(Saved data entries)
........

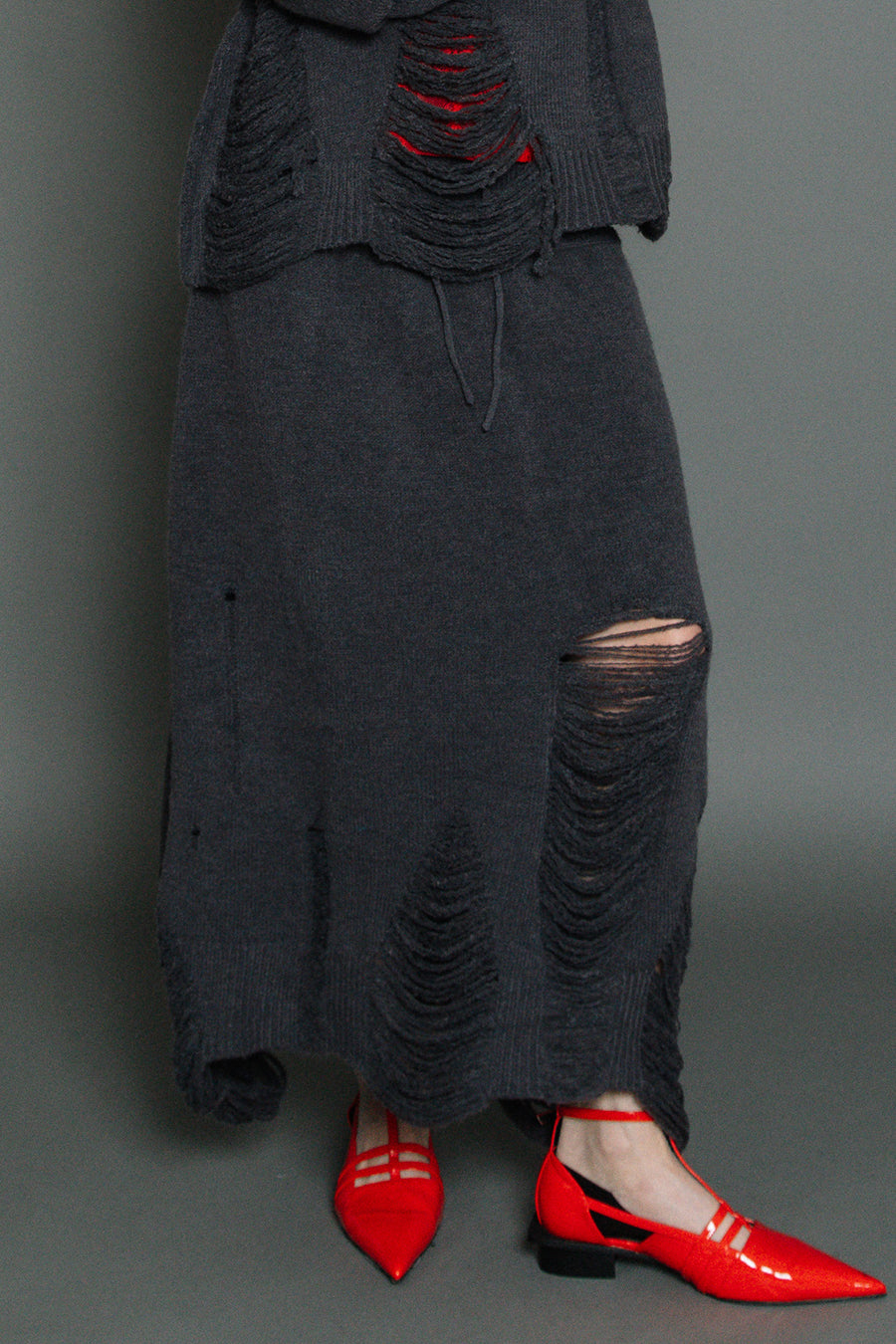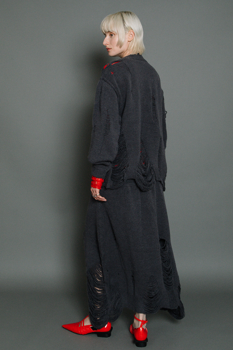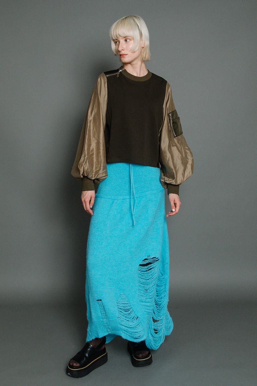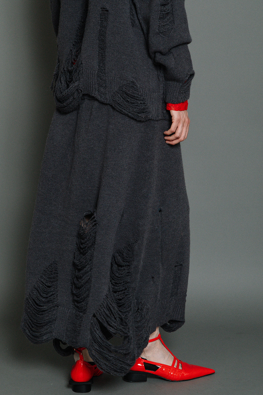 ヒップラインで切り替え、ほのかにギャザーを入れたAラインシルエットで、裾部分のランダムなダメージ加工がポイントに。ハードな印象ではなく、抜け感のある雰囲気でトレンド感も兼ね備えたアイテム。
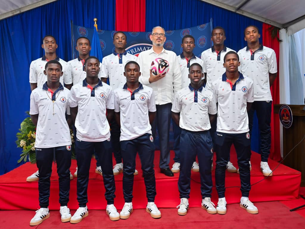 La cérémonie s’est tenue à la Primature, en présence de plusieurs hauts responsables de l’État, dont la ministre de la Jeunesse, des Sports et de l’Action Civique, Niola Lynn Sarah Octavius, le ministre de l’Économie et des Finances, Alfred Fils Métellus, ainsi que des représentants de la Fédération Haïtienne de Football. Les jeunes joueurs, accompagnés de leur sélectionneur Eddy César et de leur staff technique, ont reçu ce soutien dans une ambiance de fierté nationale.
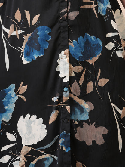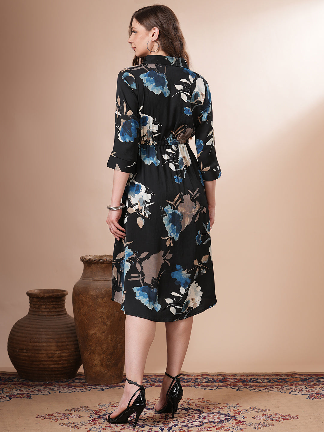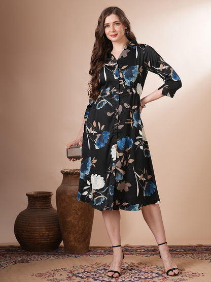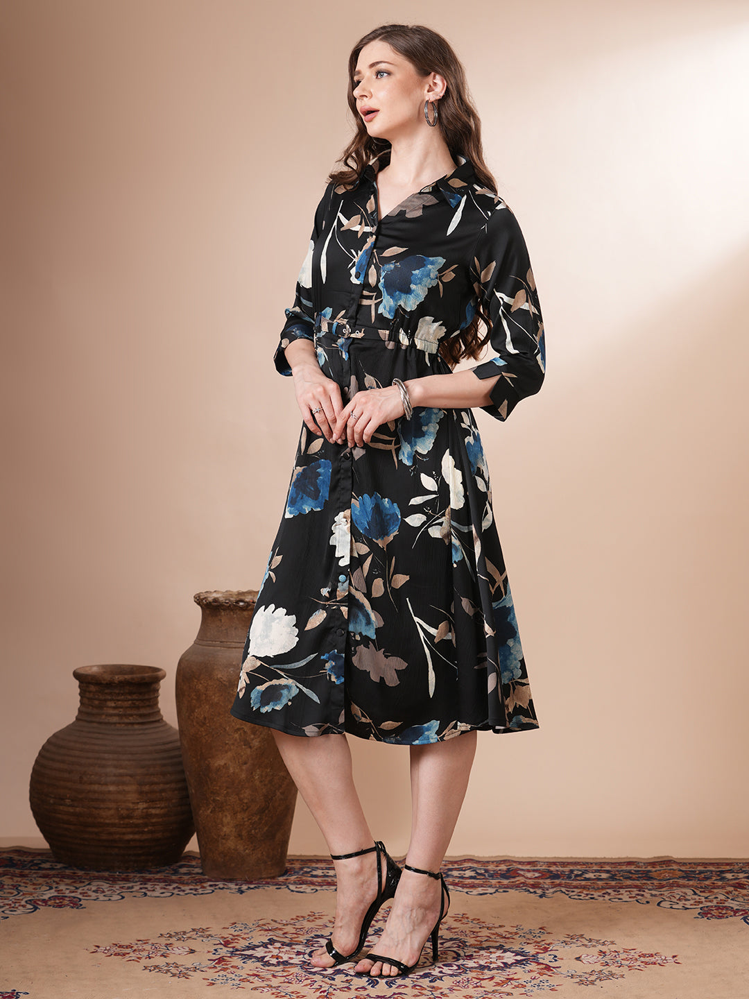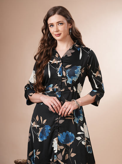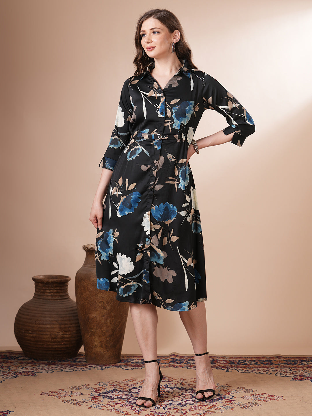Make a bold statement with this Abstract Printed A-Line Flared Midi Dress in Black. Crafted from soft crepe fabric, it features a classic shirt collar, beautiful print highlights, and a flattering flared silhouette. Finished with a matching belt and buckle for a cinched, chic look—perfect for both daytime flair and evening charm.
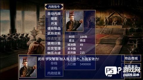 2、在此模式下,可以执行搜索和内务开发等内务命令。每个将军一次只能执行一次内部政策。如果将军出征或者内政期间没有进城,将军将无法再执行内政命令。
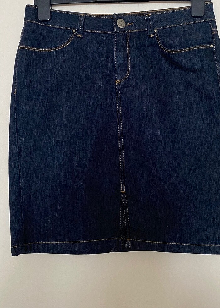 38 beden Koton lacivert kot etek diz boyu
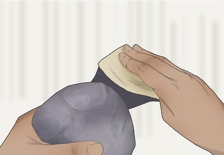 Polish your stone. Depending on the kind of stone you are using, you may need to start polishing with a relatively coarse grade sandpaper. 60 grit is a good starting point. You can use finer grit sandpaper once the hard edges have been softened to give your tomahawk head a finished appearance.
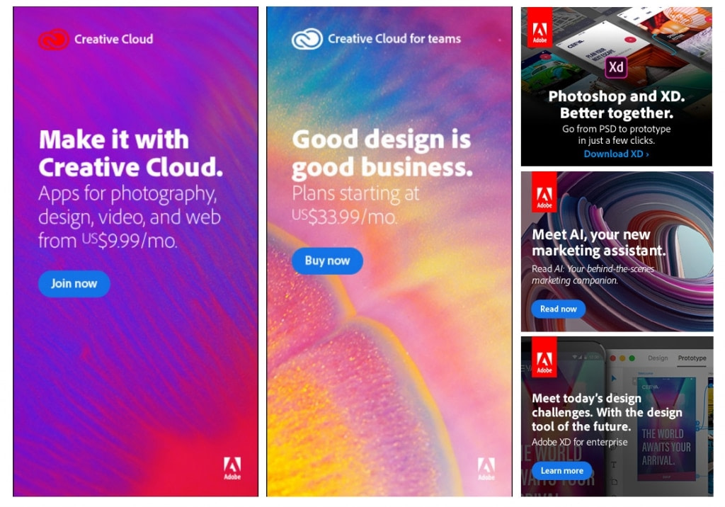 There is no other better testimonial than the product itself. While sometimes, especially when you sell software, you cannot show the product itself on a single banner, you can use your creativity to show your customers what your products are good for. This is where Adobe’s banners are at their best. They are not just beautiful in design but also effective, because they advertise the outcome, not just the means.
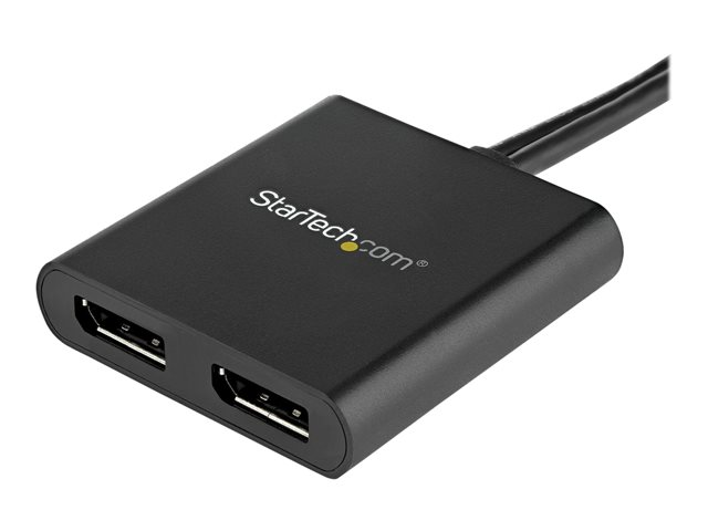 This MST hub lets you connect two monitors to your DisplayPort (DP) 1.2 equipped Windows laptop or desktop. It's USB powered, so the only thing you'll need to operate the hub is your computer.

........

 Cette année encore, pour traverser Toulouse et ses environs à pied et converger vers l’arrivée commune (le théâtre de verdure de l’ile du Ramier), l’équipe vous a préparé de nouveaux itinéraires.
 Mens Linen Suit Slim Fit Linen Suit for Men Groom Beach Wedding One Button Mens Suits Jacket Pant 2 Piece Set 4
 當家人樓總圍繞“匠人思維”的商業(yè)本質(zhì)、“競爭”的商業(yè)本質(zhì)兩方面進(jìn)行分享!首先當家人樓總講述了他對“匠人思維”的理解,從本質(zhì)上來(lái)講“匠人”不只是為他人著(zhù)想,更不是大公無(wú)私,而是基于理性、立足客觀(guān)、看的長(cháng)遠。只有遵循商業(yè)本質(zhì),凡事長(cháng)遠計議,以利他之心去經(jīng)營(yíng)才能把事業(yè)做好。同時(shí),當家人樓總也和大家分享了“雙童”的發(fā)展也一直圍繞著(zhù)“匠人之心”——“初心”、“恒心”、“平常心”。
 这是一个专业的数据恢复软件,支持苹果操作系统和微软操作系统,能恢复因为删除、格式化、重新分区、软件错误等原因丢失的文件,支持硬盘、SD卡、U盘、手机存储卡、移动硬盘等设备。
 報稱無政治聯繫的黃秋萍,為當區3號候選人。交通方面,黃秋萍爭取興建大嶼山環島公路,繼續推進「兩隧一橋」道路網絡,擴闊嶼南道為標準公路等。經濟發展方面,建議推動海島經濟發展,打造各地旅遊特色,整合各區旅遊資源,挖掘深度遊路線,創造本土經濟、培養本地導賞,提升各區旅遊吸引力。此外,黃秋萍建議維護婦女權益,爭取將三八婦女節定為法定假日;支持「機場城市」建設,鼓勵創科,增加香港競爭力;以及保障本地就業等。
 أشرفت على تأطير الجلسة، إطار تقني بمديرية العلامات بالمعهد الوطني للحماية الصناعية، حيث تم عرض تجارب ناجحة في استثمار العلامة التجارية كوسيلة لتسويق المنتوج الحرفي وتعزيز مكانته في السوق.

........

WORK TO BE COMPLETED: Where a picture appears in the records above, omit it, and transcribe exactly the stretch of lines from the one with "38 beden Koton lacivert kot etek diz boyu" through the one with "This MST hub".

WRITTEN ANSWER:
 38 beden Koton lacivert kot etek diz boyu
 Polish your stone. Depending on the kind of stone you are using, you may need to start polishing with a relatively coarse grade sandpaper. 60 grit is a good starting point. You can use finer grit sandpaper once the hard edges have been softened to give your tomahawk head a finished appearance.
 There is no other better testimonial than the product itself. While sometimes, especially when you sell software, you cannot show the product itself on a single banner, you can use your creativity to show your customers what your products are good for. This is where Adobe’s banners are at their best. They are not just beautiful in design but also effective, because they advertise the outcome, not just the means.
 This MST hub lets you connect two monitors to your DisplayPort (DP) 1.2 equipped Windows laptop or desktop. It's USB powered, so the only thing you'll need to operate the hub is your computer.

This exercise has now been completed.